For finetuning the Llama-3-8b model, we use ROUGE as a custom metric instead of the default cross-entropy loss by the SFT Trainer.
- Teacher Model: Llama-3-70B-Instruct
- Student Model: Llama-3-8B-Instruct
The performance of the models is evaluated using BLEU-3 and ROUGE and similarity scores.
lama_topic_modeling/
├── ...
├── config/
| ├── init.py
| └── config.yaml
|
├── data/
| ├── init.py
| ├── data_loader.py
| ├── topic_generator.py
| └── data_processor.py
|
├── models/
| ├── init.py
| └── model.py
|
├── results/
| └── llama_finetuned.pth
|
├── training/
| ├── init.py
| └── trainer.py
|
├── evaluation/
| ├── init.py
| └── metrics.py
|
├── utils/
| ├── init.py
| └── argument_parser.py
|
├── main_generate_labels.py (Main code for generating labels for training)
├── main_finetune_model.py (Main code for finetuning)
├── main_evaluate.py (Main code for evaluating models)
├── requirements.txt
├── run.sh
├── Topic_modeling_documentation_ankit.pdf
├── Dockerfile
└── README.md
-
Clone the repository:
git clone https://github.com/yourusername/llama_topic_modeling.git cd llama_topic_modeling -
Create a virtual environment and activate it: (Python version: 3.9 or newer)
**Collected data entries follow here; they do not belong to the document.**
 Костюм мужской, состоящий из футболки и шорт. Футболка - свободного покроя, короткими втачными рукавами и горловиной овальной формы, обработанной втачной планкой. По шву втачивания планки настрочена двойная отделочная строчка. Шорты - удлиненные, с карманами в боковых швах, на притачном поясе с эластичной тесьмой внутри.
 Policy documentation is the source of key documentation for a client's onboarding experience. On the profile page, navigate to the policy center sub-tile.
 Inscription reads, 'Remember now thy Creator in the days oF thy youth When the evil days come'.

python -m venv venv source venv/bin/activate # On Windows use `venv\Scripts\activate`
-
Install PyTorch with the appropriate CUDA version.
First, check your CUDA version.
nvcc --version
If
nvccis not available, you can check the CUDA version via the NVIDIA driver:nvidia-smi
The CUDA version will be displayed at the top of the output.
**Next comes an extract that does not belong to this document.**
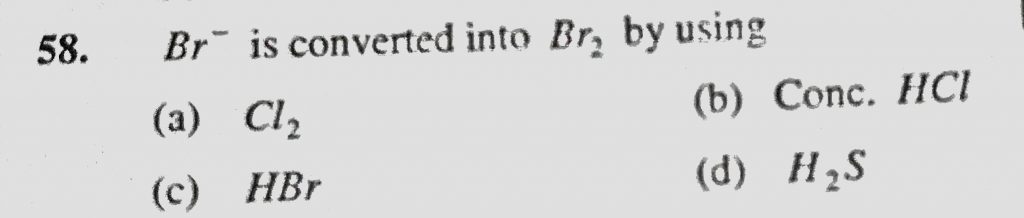 Br- is converted into Br2 by using (a) Cl2 (b) Conc. HCl (c) HBr (d) H2S Br- is converted into Br2 by using (a) Cl2 (b) Conc. HCl (c) HBr (d) H2S November 24, 2020 Category: Uncategorised (JEE Advanced Physics by BM Sharma + GMP Solutions) , Facebook Messenger WhatsApp Share this:TwitterFacebook Related
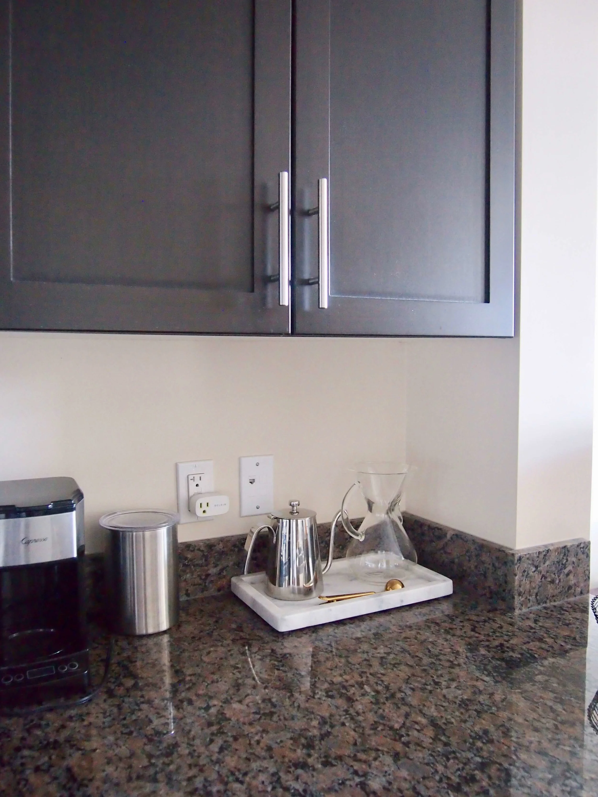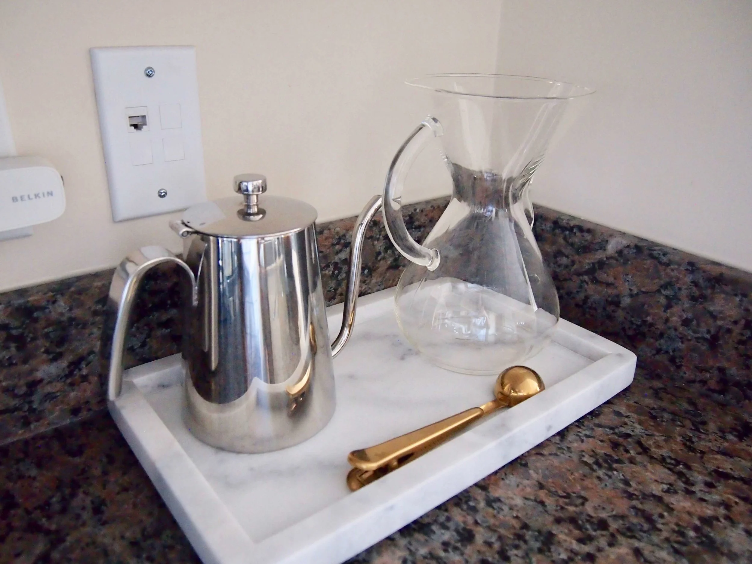 ここにはコーヒーを作るための道具をまとめて、マーブルトレイに収納しています。

Then, visit the PyTorch installation page to get the correct installation command for your CUDA version. A minimum PyTorch version 2.0 is required.
For example, for CUDA 11.6:
pip install torch torchvision torchaudio --extra-index-url https://download.pytorch.org/whl/cu116
For CUDA 11.7:
pip install torch torchvision torchaudio --extra-index-url https://download.pytorch.org/whl/cu117
-
Verify the installation:
python -c "import torch; print(torch.__version__); print(torch.cuda.is_available())"This should print the PyTorch version (2.0 or higher) and return
Trueif CUDA is properly installed and configured. -
Install the required packages:
pip install -r requirements.txt
-
HuggingFace token: Put your huggingface token in /main.py which will be used to download the llama-3 models.
-
Update config; Update different training parameters if needed at config.yaml.
-
Generate labels: Generate label from teacher model
python main_generate_labels.py
-
Finetune model: Finetune the student model based on data generated using teacher model
python main_finetune_model.py
-
Evaluate models: Evaluate the finetuned model for the test set using BLEU and ROUGE scores.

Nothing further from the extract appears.